Saturday, December 22, 2012

How Will The Media Handle An Israeli Government That Actually Is Right Wing?

It’s rather ironic: the international community is bitterly ramping up its criticism of Benjamin Netanyahu the builder of settlements — Security Council condemnations, European castigations, American criticisms, et al. But Benjamin Netanyahu the non-builder of settlements is hemorrhaging support to the party on his right.

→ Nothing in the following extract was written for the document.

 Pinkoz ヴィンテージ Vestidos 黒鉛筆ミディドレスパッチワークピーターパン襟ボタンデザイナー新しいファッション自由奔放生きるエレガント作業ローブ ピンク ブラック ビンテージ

David Horowitz, Netanyahu battered by the Jewish Home-builder, The Times of Israel, 12/20/12

The upcoming Israeli elections next month are likely to not only give Netanayahu a larger coalition, but a more right-wing one as well. Jonathan Tobin writes about this rightward shift and Why Israel Has Shifted to the Right:
This will give residents and supporters of the settlement movement an even louder voice in the next Knesset than their already healthy contingent in the current one. This will be interpreted by some on the left as a sign of Israel’s depravity or indifference to peace. But the reason for it is clear.

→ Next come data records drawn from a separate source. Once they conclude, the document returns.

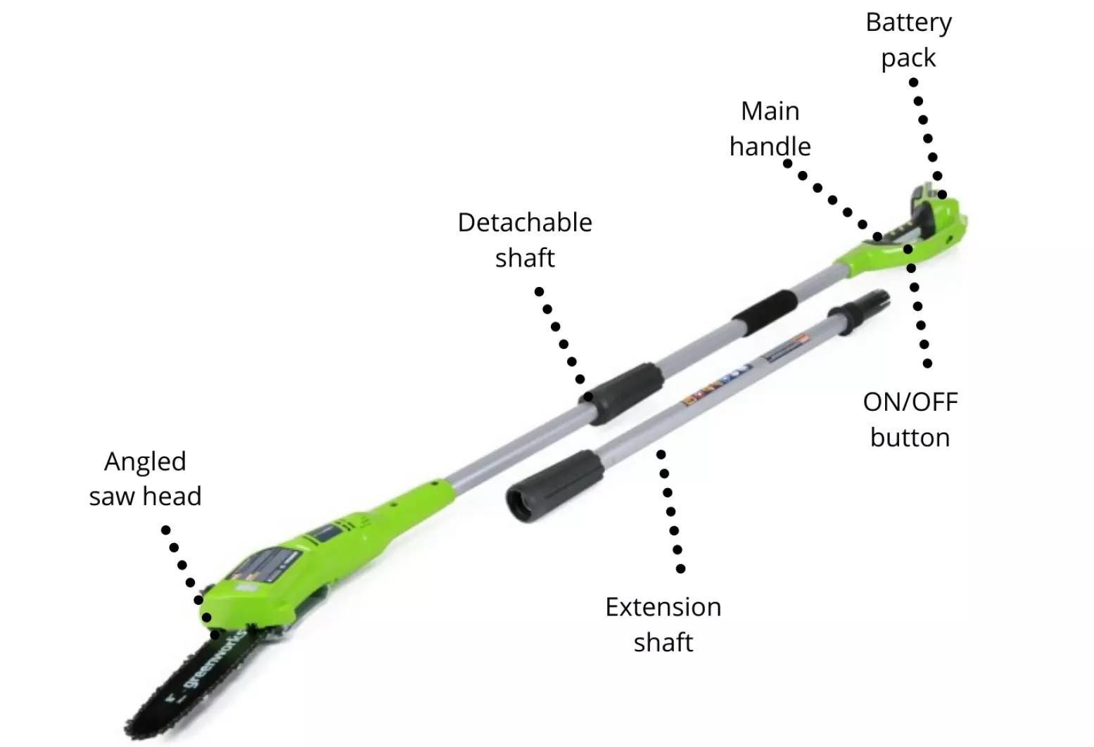 - This pole saw doesn't only eliminate by giving the users the reach they need, but also removes another hazard which is petrol.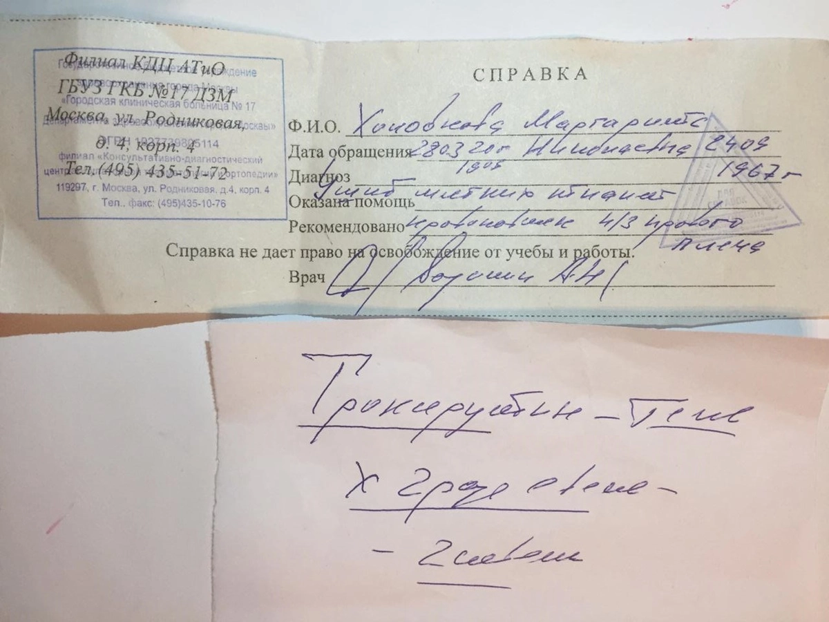 По словам приемной матери, это было сделано без предупреждения. В квартиру, как утверждает Маргарита, они попали обманным путем: попросили слесаря позвонить в квартиру, якобы проверить трубы. Приемная мать пыталась поговорить с сотрудниками, но это было бесполезно. Женщина получила травму, которая была засвидетельствована медиками.
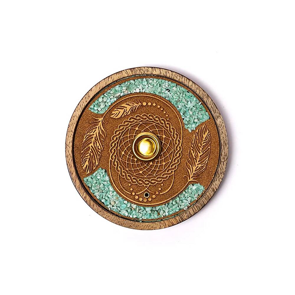 Hållare för pinnar och koner med med drömfångardekoration, berikad med amazonitstenar.
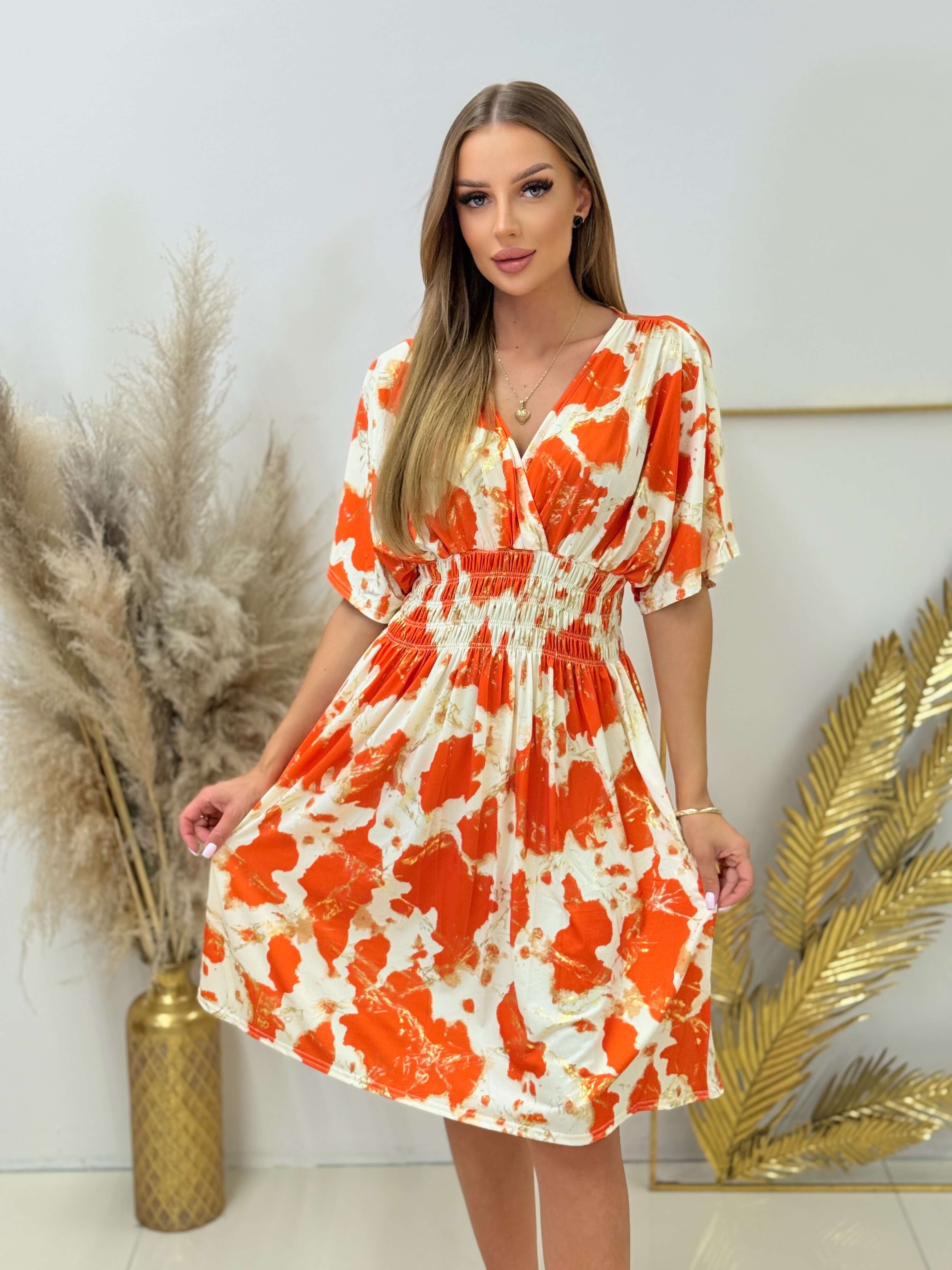 Odkryj sukienki z chłodnego materiału dostępne w czterech niezwykle stylowych kolorach: błękitny, czarny, granat oraz pomarańczowy. Lekka tkanina zapewnia komfort nawet w najcieplejsze dni, a elastyczna talia i kopertowy dekolt pięknie podkreślają sylwetkę. Universalny krój pasuje do każdej figury, pozwalając klientkom poczuć się swobodnie i stylowo zarówno na co dzień, jak i podczas letnich przyjęć czy wakacyjnych wyjazdów. Idealna propozycja do sprzedaży hurtowej dla sklepów ceniących modne, wygodne oraz funkcjonalne rozwiązania.

Whereas in Israel’s past it could be asserted that the Likud represented Israel’s right-wing constituency, it has, to the shock and dismay of many in the left-wing Israeli media, become the center. That is not because more Israelis are supporters of increasing settlement throughout the West Bank. They are not. Rather it is due to the fact that the Israeli center as well as even many on what we used to call the Israeli left have given up on the Palestinians. They know that neither Fatah in the West Bank nor Hamas in Gaza will ever recognize Israel’s legitimacy no matter where its borders are drawn. So they have abandoned those parties that hold onto the illusion of peace in favor of those with a more realistic vision while those on the right are now embracing parties like Habeyit Hayehudi in order to hold Netanyahu’s feet to the fire and prevent him from making concessions that will neither entice the Palestinians to the negotiating table nor increase its popularity abroad.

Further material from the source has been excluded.